Exactly transcribe the span of lines from the one containing "宮﨑さんこちらがグラウンドで" through the final line of the entries, inclusive, and nothing outside it. Exclude the pictures.

(Stored items from a collection)
========================================================================

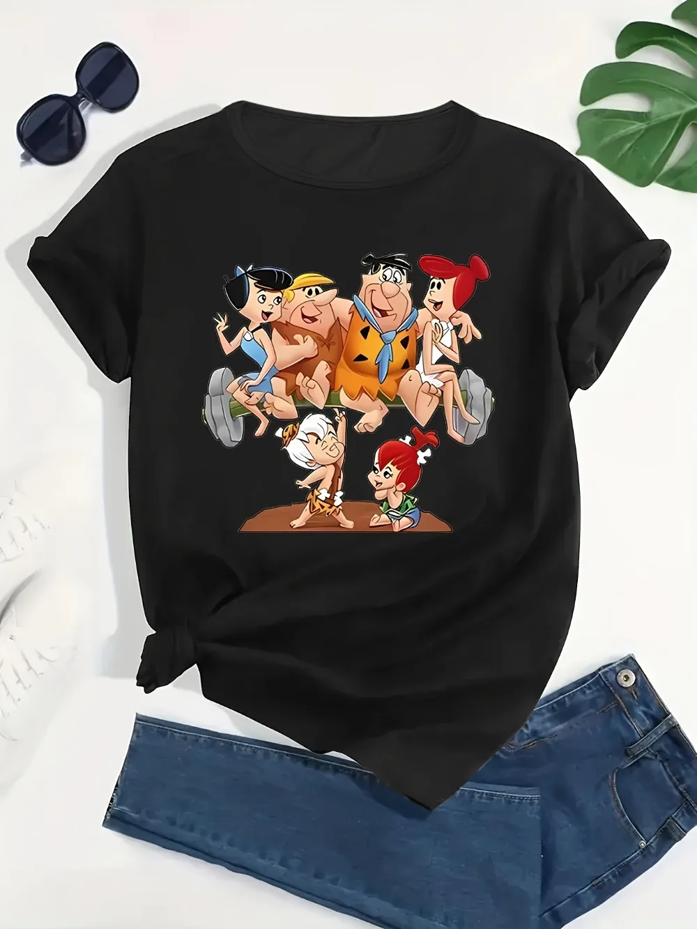 Crew Neck T-Shirt made of a polyester blend with medium stretch, designed as a casual knit top featuring a classic cartoon character graphic, suitable for women.
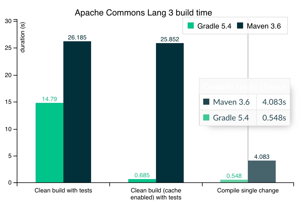 This GIF shows a side-by-side clean build of the Apache Commons Lang library using Maven and Gradle (without build cache). You can view the build scan for this build here.
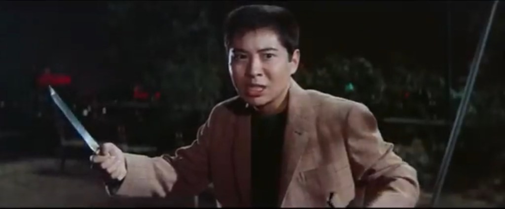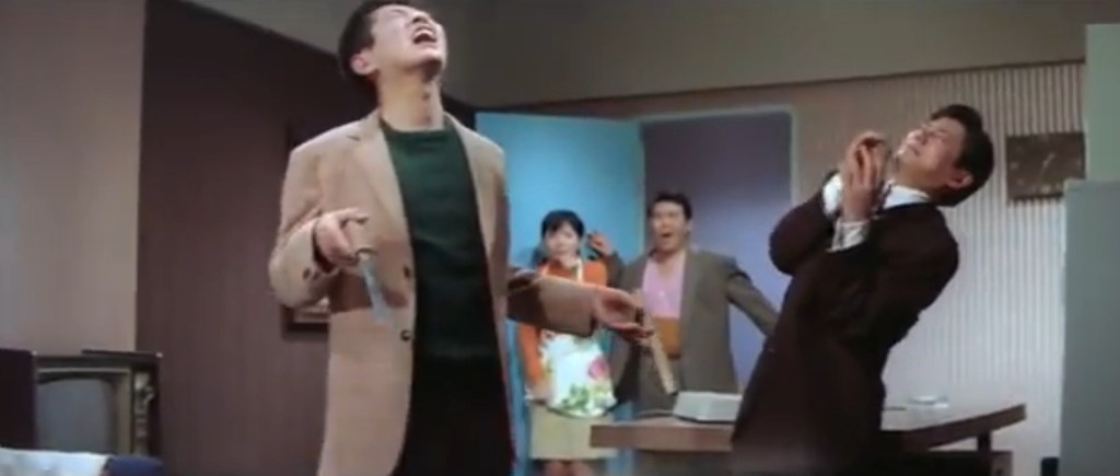 When Mitsuo returns to the bar hangout, he overhears one of Ono’s men admitting that they intend to set Mitsuo up for the crime and deny any connection. Mitsuo bursts in, fatally stabs the gang member, and heads for Ono’s office. There he kills Ono’s other assistant, and stabs Ono who manages to stab Mitsuo before dying.
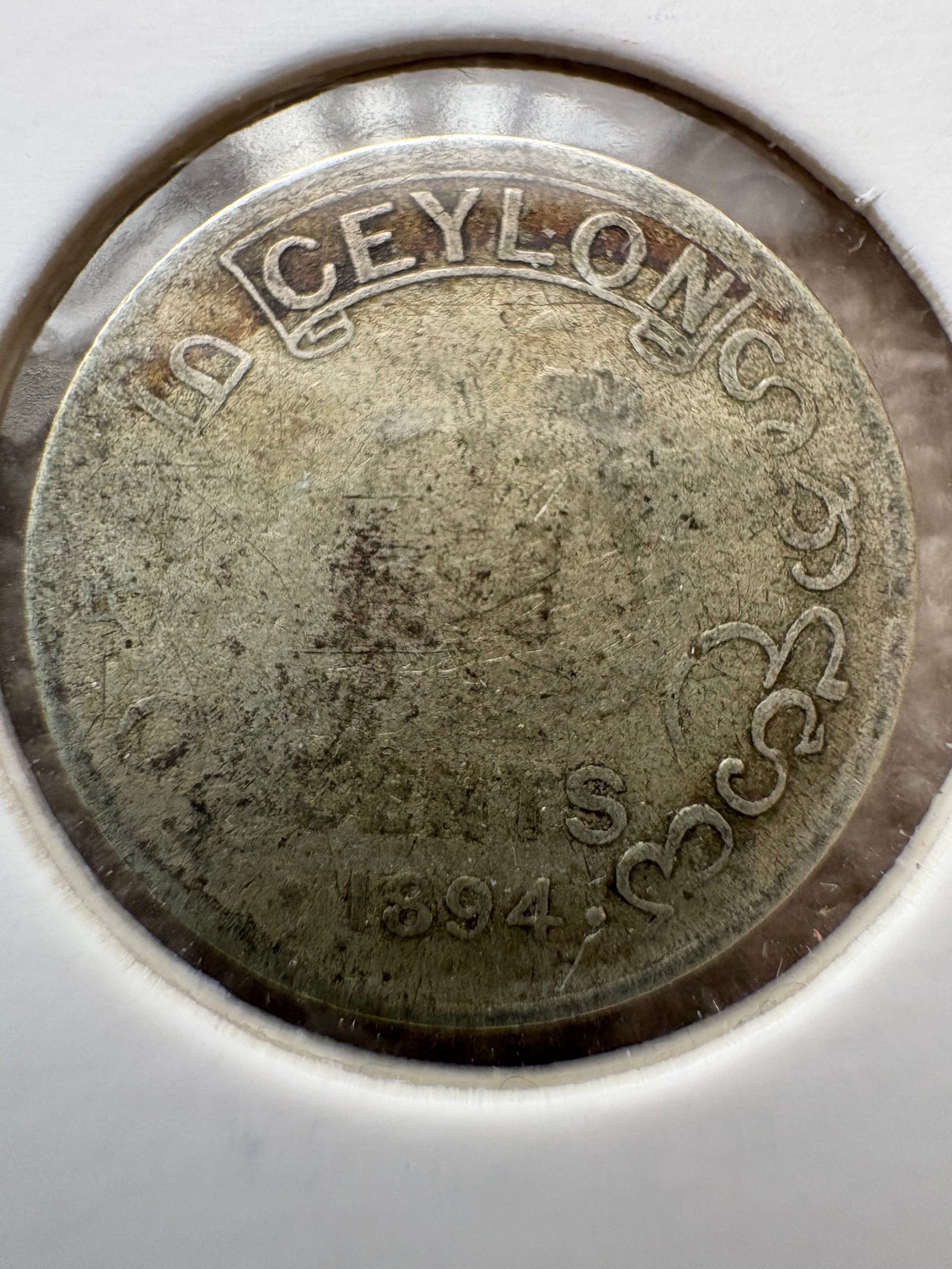 1894 Ceylon 10 cents .800 Silver KM# 94
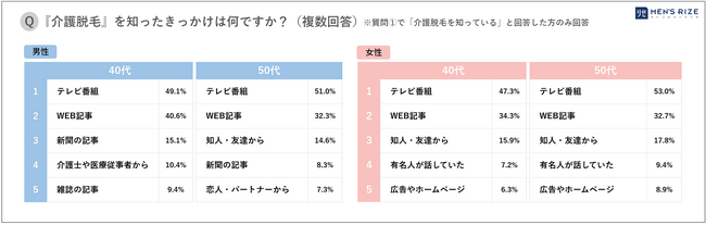 2.【「介護脱毛」知ったきっかけ】男女ともに半数以上が「テレビ番組」、次点に「WEB記事」
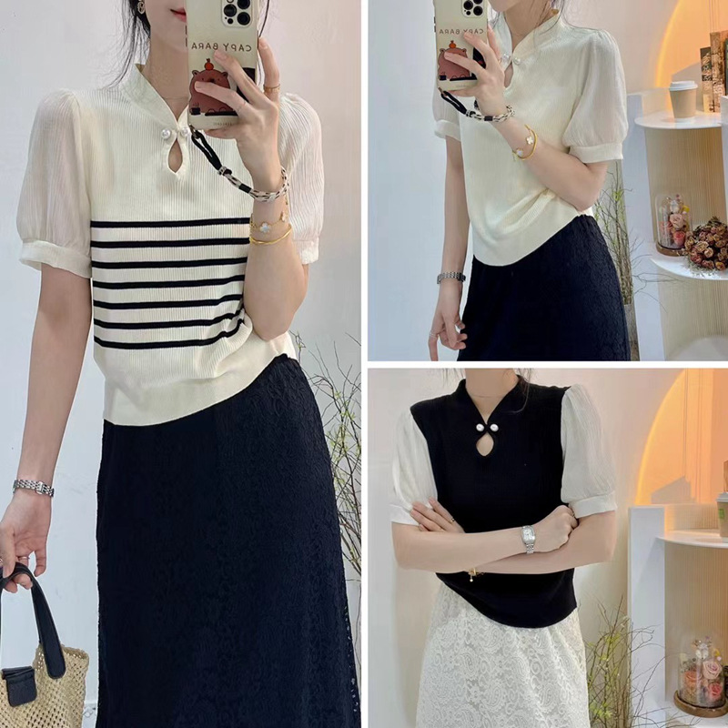 | nameOriginal | Light Guofeng Buckle Contrast Color Chiffon Knitted T-shirt Women's 2024 Summer Knitted Shirt Chinese Chic Western Style Top |
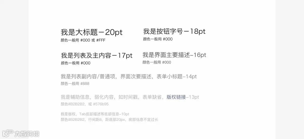 为了更好地进行一致性设计,最新的设计源文件里面还提供了相应的字体文件。中文字体使用了苹方(iOS)和思源黑体(Android),英文则是SF UI Display(iOS)与Robot(Android)。
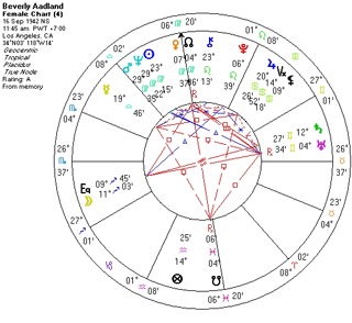 Η Μπέβερλυ ανήκει στο ζώδιο της Παρθένου ως προς τον Ήλιο, αλλά σε σύνοδο με τον Ποσειδώνα και τον Άρη της (στοιχείο της ονειρικής αναζήτησης του συντρόφου – αλλά και οι σύντροφοι μέσα από την τέχνη) στην 29η της Παρθένου (μοίρα ευαίσθητη για ισορροπίες), με τον ωροσκόπο στον Σκορπιό και τη Σελήνη στον Τοξότη. Οι σχέσεις της και μετά τον Φλυν δεν είχαν επιτυχία, ίσως επειδή τα κριτήρια δεν είναι σαφή για την εικόνα του άντρα που θα την ενδιέφερε είτε σαν φλερτ (Άρης – κυβερνήτης και του 5ου της οίκου), είτε σαν σύζυγος (Ήλιος).
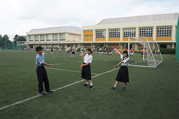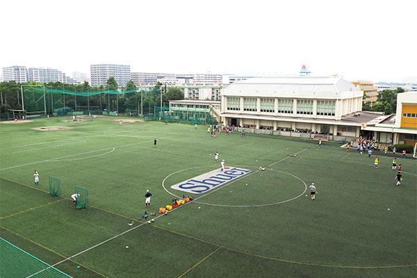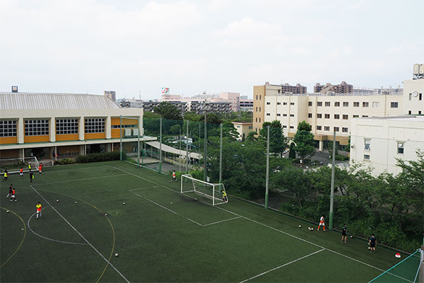 宮﨑さんこちらがグラウンドです。全面人工芝になっていて、サッカー部が練習しています。
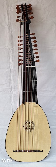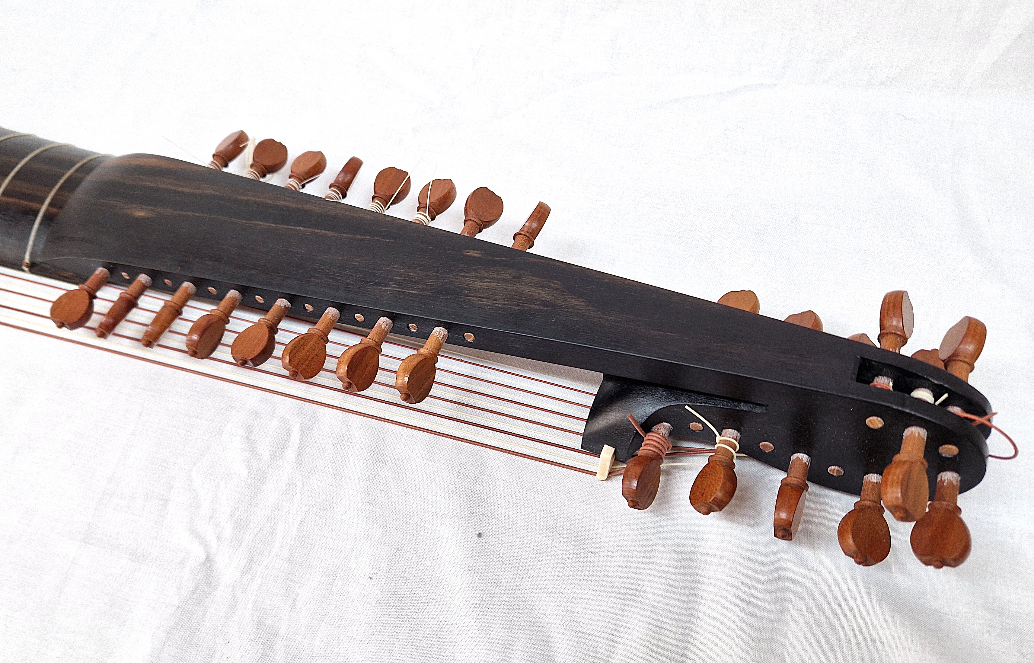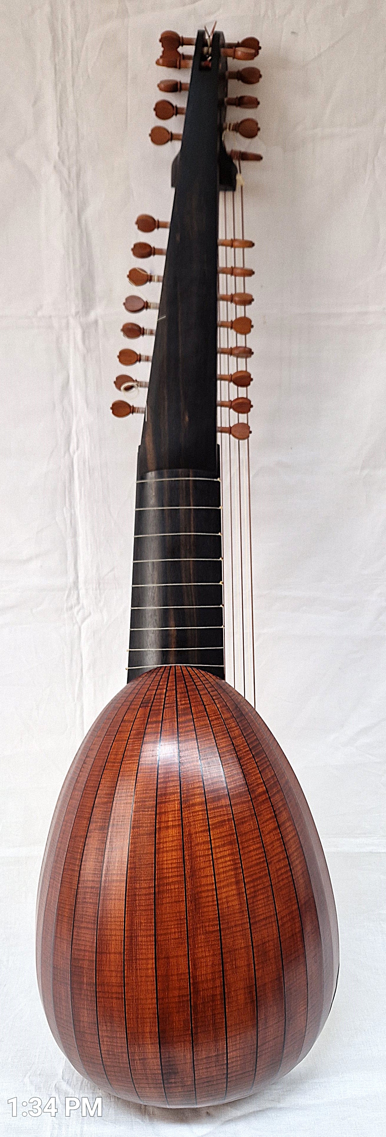 body with 15 ribs in curly or birds-eye maple, indian rosewood, plum, yew, ebony or according to individual customer preferences with or without purfling
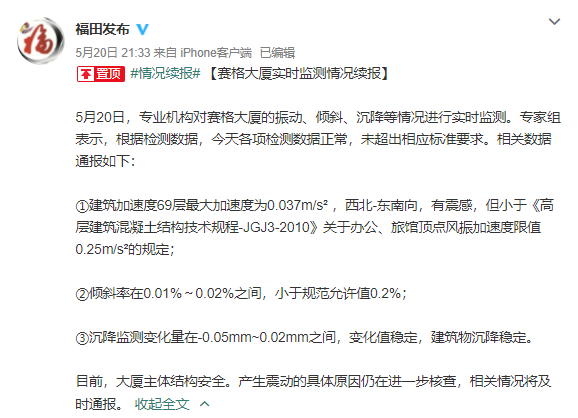 5月20日,@福田发布 再次公布“情况续报”称: 专业机构对赛格大厦的振动、倾斜、沉降等情况进行实时监测。专家组表示,根据检测数据, 今天各项检测数据正常,未超出相应标准要求。

========================================================================

__Problem solution__
 宮﨑さんこちらがグラウンドです。全面人工芝になっていて、サッカー部が練習しています。
 body with 15 ribs in curly or birds-eye maple, indian rosewood, plum, yew, ebony or according to individual customer preferences with or without purfling
 5月20日,@福田发布 再次公布“情况续报”称: 专业机构对赛格大厦的振动、倾斜、沉降等情况进行实时监测。专家组表示,根据检测数据, 今天各项检测数据正常,未超出相应标准要求。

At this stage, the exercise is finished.